**What is expected:**
Could you write out the listing below exactly as it stands, leaving out the pictures?

**Dataset content:**
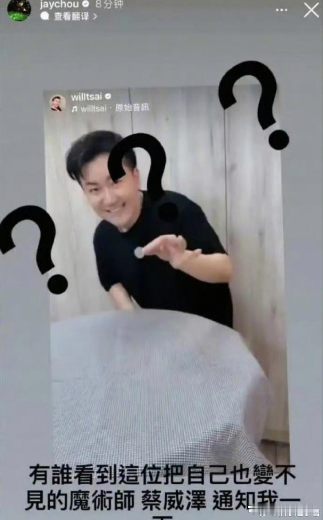 周杰伦公开喊话昔日好友近日,周杰伦在社交平台公开喊话魔术师好友蔡威泽,称对方毫无预警地消失,还说再不出现就完了,随后又删除。蔡威泽回应表示“真的很久没露面了”,并称会暂时离开社交网站一段时间。
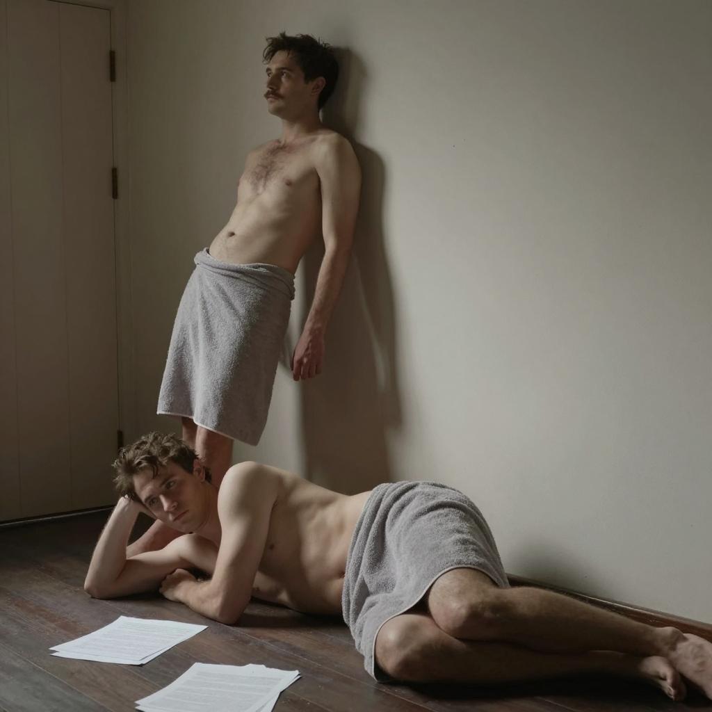 Two men in a dimly lit room. One with short brown hair and a mustache, shirt off, gray towel around waist, leaning against wall. Second man, also with brown hair, shirtless, gray towel around waist, lying on floor, head on arm. Shadows on wall. Floor has scattered papers. Background includes a brown, partially visible door with vertical lines.
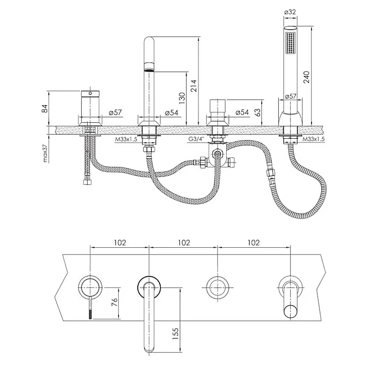 на борт ванны (врезной)

**Output of the exercise:**
 周杰伦公开喊话昔日好友近日,周杰伦在社交平台公开喊话魔术师好友蔡威泽,称对方毫无预警地消失,还说再不出现就完了,随后又删除。蔡威泽回应表示“真的很久没露面了”,并称会暂时离开社交网站一段时间。
 Two men in a dimly lit room. One with short brown hair and a mustache, shirt off, gray towel around waist, leaning against wall. Second man, also with brown hair, shirtless, gray towel around waist, lying on floor, head on arm. Shadows on wall. Floor has scattered papers. Background includes a brown, partially visible door with vertical lines.
 на борт ванны (врезной)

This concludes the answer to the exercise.